### The data

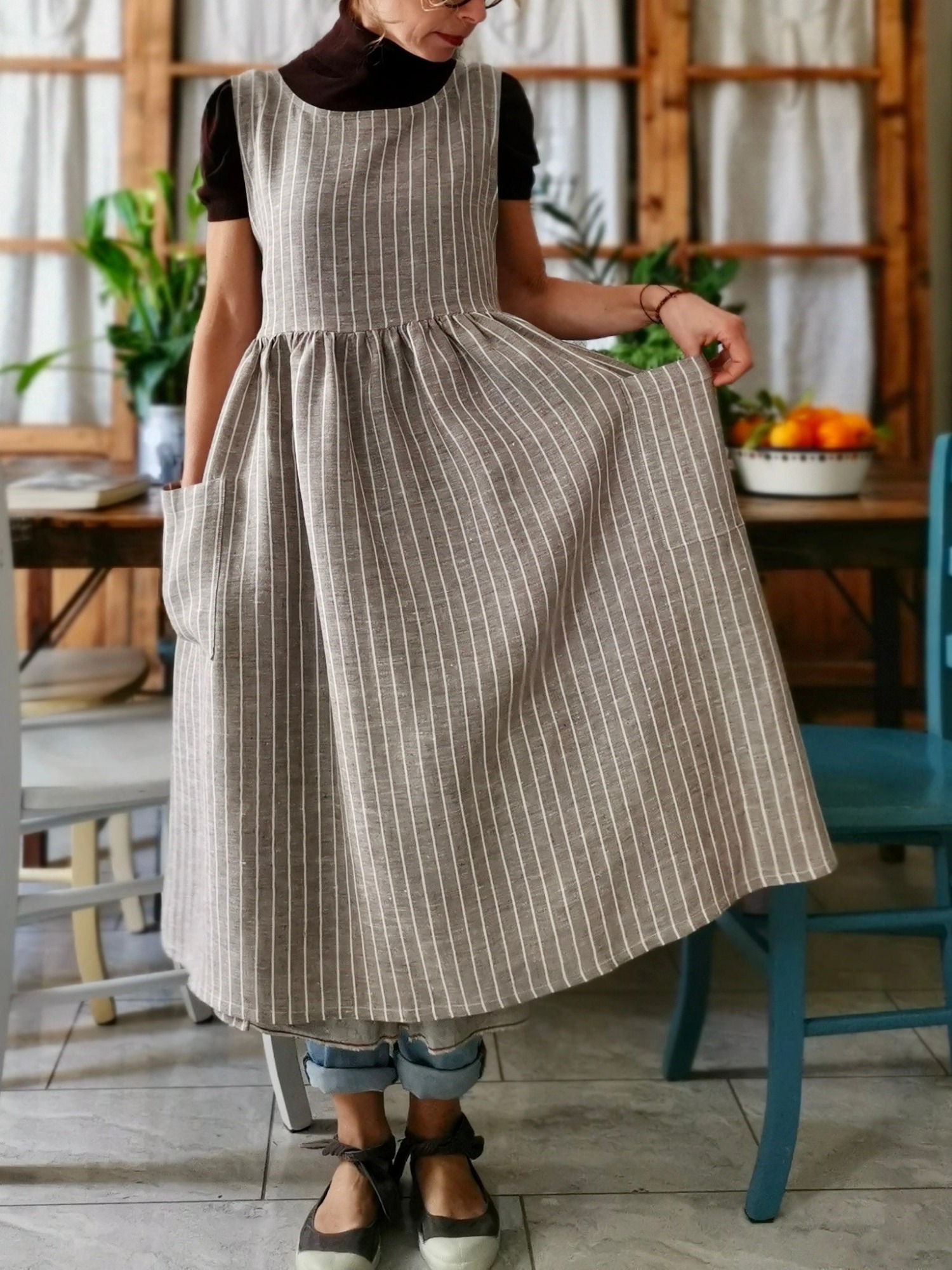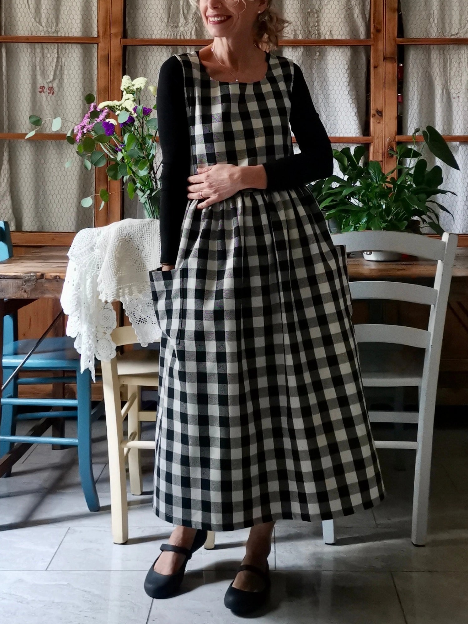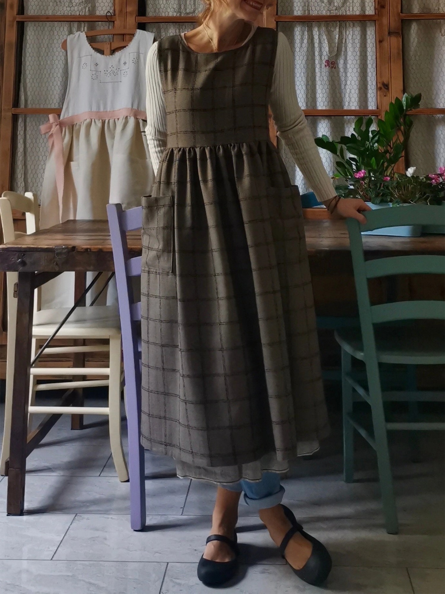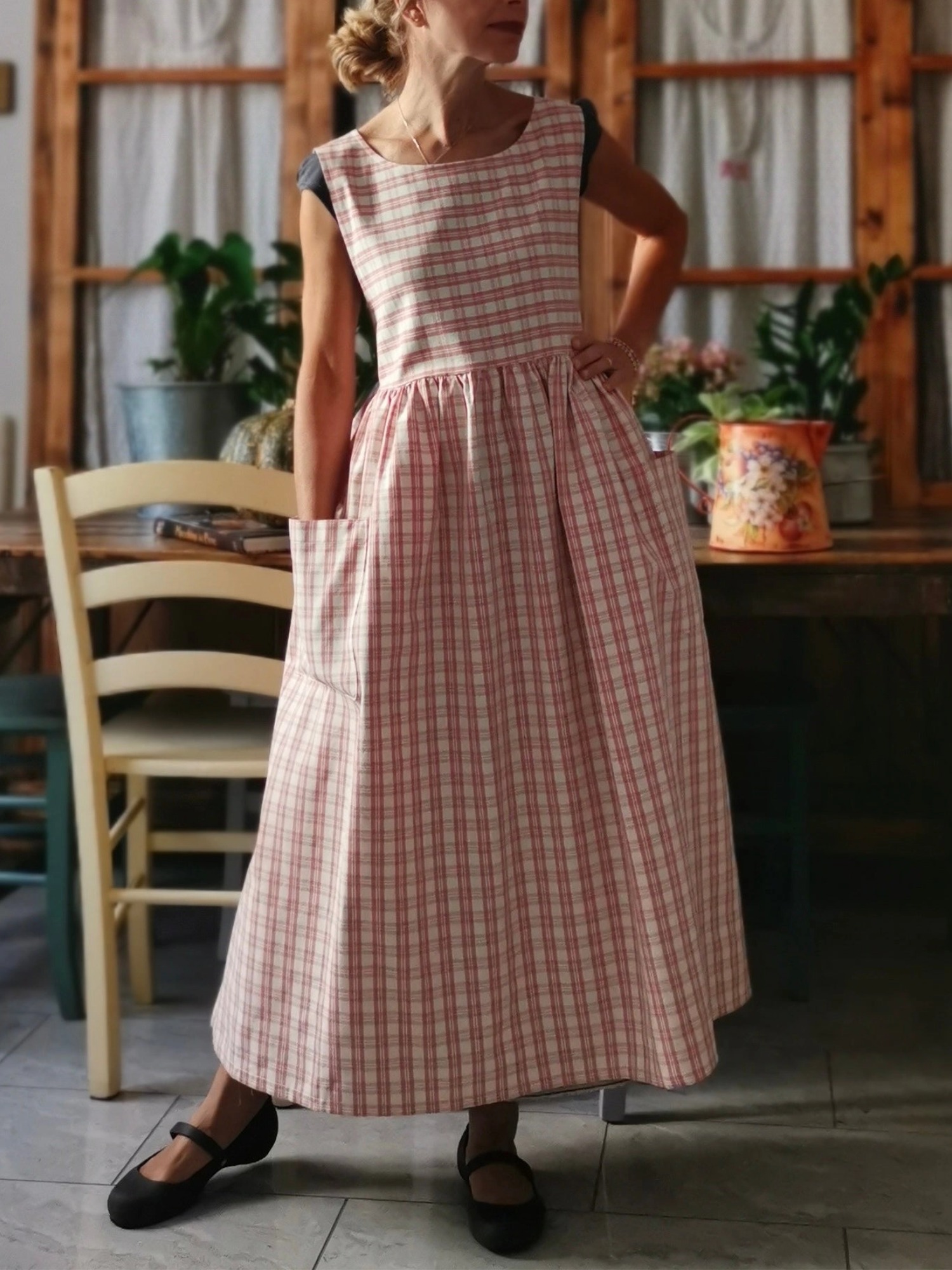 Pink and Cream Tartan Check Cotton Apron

######
### The data

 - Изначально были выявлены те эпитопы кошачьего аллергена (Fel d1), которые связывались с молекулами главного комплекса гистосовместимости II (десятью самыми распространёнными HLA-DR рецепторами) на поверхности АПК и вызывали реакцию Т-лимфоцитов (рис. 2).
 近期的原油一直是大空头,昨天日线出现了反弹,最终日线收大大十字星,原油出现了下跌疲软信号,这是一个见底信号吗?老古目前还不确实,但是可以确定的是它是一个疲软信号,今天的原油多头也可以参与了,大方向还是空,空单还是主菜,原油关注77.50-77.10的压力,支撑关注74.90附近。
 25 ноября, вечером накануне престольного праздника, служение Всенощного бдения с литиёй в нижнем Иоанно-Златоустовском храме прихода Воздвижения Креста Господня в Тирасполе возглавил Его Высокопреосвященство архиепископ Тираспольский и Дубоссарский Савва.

######

Work instruction: Copy out only the lines above from the one with "- Изначально были" to the one with "25 ноября, вечером", inclusive, exactly as they stand.

Task solution:
 - Изначально были выявлены те эпитопы кошачьего аллергена (Fel d1), которые связывались с молекулами главного комплекса гистосовместимости II (десятью самыми распространёнными HLA-DR рецепторами) на поверхности АПК и вызывали реакцию Т-лимфоцитов (рис. 2).
 近期的原油一直是大空头,昨天日线出现了反弹,最终日线收大大十字星,原油出现了下跌疲软信号,这是一个见底信号吗?老古目前还不确实,但是可以确定的是它是一个疲软信号,今天的原油多头也可以参与了,大方向还是空,空单还是主菜,原油关注77.50-77.10的压力,支撑关注74.90附近。
 25 ноября, вечером накануне престольного праздника, служение Всенощного бдения с литиёй в нижнем Иоанно-Златоустовском храме прихода Воздвижения Креста Господня в Тирасполе возглавил Его Высокопреосвященство архиепископ Тираспольский и Дубоссарский Савва.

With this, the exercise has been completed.